= List of Atlas launches (2010–2019) =

==Launch history==

2010
| Flight № | Date / time (UTC) | Rocket | Launch site | Payload | Payload mass | Orbit | Customer | Launch outcome |
| AV-021 | February 11, 2010, 15:23 | Atlas V 401 | CCAFS SLC-41 | Solar Dynamics Observatory | 290 kg | GTO | NASA | Success |
NASA solar observatory.
| AV-012 | April 22, 2010, 23:52 | Atlas V 501 | CCAFS SLC-41 | USA-212 (X-37B OTV-1) | 5,400 kg | LEO | US Air Force | Success |
Maiden flight of the Boeing X-37 military spaceplane; first flight of the Atlas V 501.

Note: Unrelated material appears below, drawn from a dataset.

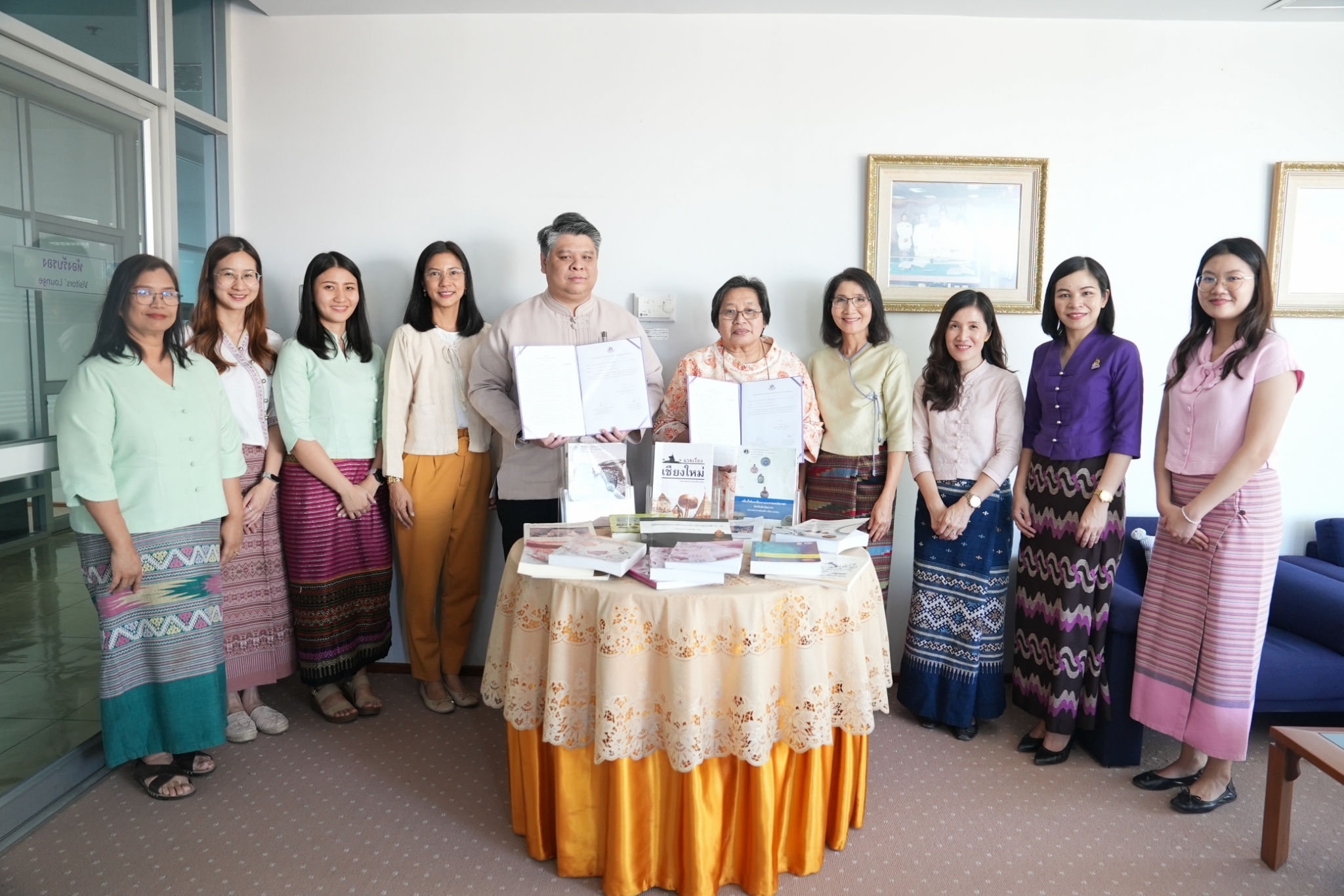 นายปราชญ์ สงวนศักดิ์ ผู้อำนวยการสำนักหอสมุด คณะผู้บริหาร และบุคลากรสำนักหอสมุด จัดพิธีการลงนามในแบบยินยอมเผยแพร่ผลงานของศาสตราจารย์เกียรติคุณอุษณีย์ ธงไชย อดีตอาจารย์ประจำภาควิชาประวัติศาสตร์ คณะมนุษยศาสตร์ มหาวิทยาลัยเชียงใหม่ โดยมี ศาสตราจารย์เกียรติคุณอุษณีย์ ธงไชย อดีตอาจารย์ประจำภาควิชาประวัติศาสตร์ คณะมนุษยศาสตร์ ผู้ช่วยศาสตราจารย์ ดร.ธัญญารัตน์ อภิวงค์ หัวหน้าภาควิชาประวัติศาสตร์ คณะมนุษยศาสตร์ และผู้ช่วยศาสตราจารย์ ดร. วิลลา วิลัยทอง รองหัวหน้าภาควิชาประวัติศาสตร์ คณะมนุษยศาสตร์ มหาวิทยาลัยเชียงใหม่ เข้าร่วมการลงนาม ซึ่งเป็นผลงานที่มีคุณค่าต่อการศึกษา ค้นคว้า และวิจัยของนักศึกษา อาจารย์ นักวิจัยของมหาวิทยาลัยและผู้สนใจทั่วไป โดยจะได้รับการจัดเก็บและเผยแพร่ไว้ในรูปแบบเอกสารฉบับเต็มใน Personal Collections ใน sub-collection ชื่อ “Prof. Emeritus Usanee Thongchai” บน CMU Digital Collections ณ ห้องรับรองชั้น 5 สำนักหอสมุด เมื่อวันที่ 19 มกราคม พ.ศ. 2567

| AV-019 | August 14, 2010, 11:07 | Atlas V 531 | CCAFS SLC-41 | USA-214 (AEHF-1) | 6,168 kg | GTO | US Air Force | Success |
First Advanced Extremely High Frequency satellite; first flight of the Atlas V 531.
| AV-025 | September 21, 2010, 04:03 | Atlas V 501 | VAFB SLC-3E | USA-215 (NROL-41) | Classified | LEO | US NRO | Success |
Classified NRO payload.
2011
| Flight № | Date / time (UTC) | Rocket | Launch site | Payload | Payload mass | Orbit | Customer | Launch outcome |
| AV-026 | March 5, 2011, 22:46 | Atlas V 501 | CCAFS SLC-41 | USA-226 (X-37B OTV-2) | 5,400 kg (X-37B OTV-2) | LEO | USAF | Success |
Second X-37B military spaceplane mission.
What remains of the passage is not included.